Activists and internet users in Peru gathered at “Freedom Camp” (Campamento por la Libertad) to participate in a marathon of talks and workshops about the Trans-Pacific Partnership (TPP) [en].

The purpose of Freedom Camp was to gather activists, designers, LINUXers, audiovisual artists, attorneys, and communicators together in one place to get them working for a freer, more informed society.

The Camp was held in Lima on Saturday, May 4 and Sunday, May 5, 2013, and was organized by the Electronic Frontier Foundation [en], the NGO HiperderechoEscuelab and the Asociación Peruana de Software Libre (Peruvian Association for Free Software), four online legal organizations.

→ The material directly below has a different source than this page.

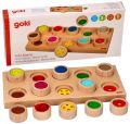 Zabawa polega na dopasowaniu klocka do odpowiedniej miejsca na drewnianej planszy. Klocki co najważniejsze oprócz różnych kolorów mają różną fakturę co pozwala je rozróżnić po dotyku.

This video, which added a bit of rhythm to the overarching theme of Internet freedom, was a focal point in bringing the conference together:

Prior to the Camp, activists for Internet freedom participated in the Festival de Instalación de Software Libre 2013 (FLISOL) (Festival for Free Software Installation 2013) in North Lima. Miguel Morachimo from Hiperderecho spoke about the Trans-Pacific Partnership (TPP), its current negotiations, and the next steps in the grassroots campaign. Katitza Rodríguez from the Electronic Frontier Foundation [en], presented on the work of her organization and the importance of the involvement of civil society in discussions about the Internet.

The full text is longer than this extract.